Don’t get me wrong. Charlie Manson was evil and his followers seriously deluded. I would rather they had perished instead of Tate. That’s not how it went down, and having her survive isn’t exactly in the category of “What if JFK had lived?” Robbie is very good as Tate, and plays her with airheaded starstruck wonderment. Pitt is strong (in several senses of the word) as Cliff, and DiCaprio is Leo—accomplished, but a bit like latter days Jack Nicholson in that we still see him and not his character. The film also feels like an excuse for Tarantino to reward his rat pack with role crumbs. The cast is way too big for secondary characters to have any depth, so we end up people watching to catch glimpses of Lena Dunham, Maya Hawke, James Marsden, Steve McQueen, Al Pacino, Luke Perry, Rumer Willis, and (literally) dozens of others.

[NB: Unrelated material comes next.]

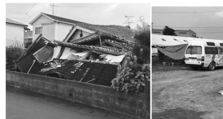
熊本地震（熊本県益城町）

The ending of Once Upon a Time in Hollywood is a big Nothing Burger. Is it supposed to be commentary on the ultimate vacuity of Hollywood? Or is it that Tarantino has everyone dressed up and provides no direction of where they are supposed to go? Allow me to call Tarantino’s meta references and up the ante with one of my own. If you want to see the ultimate in senseless violence that actually has a point, check out the aforementioned droogs in A Clockwork Orange.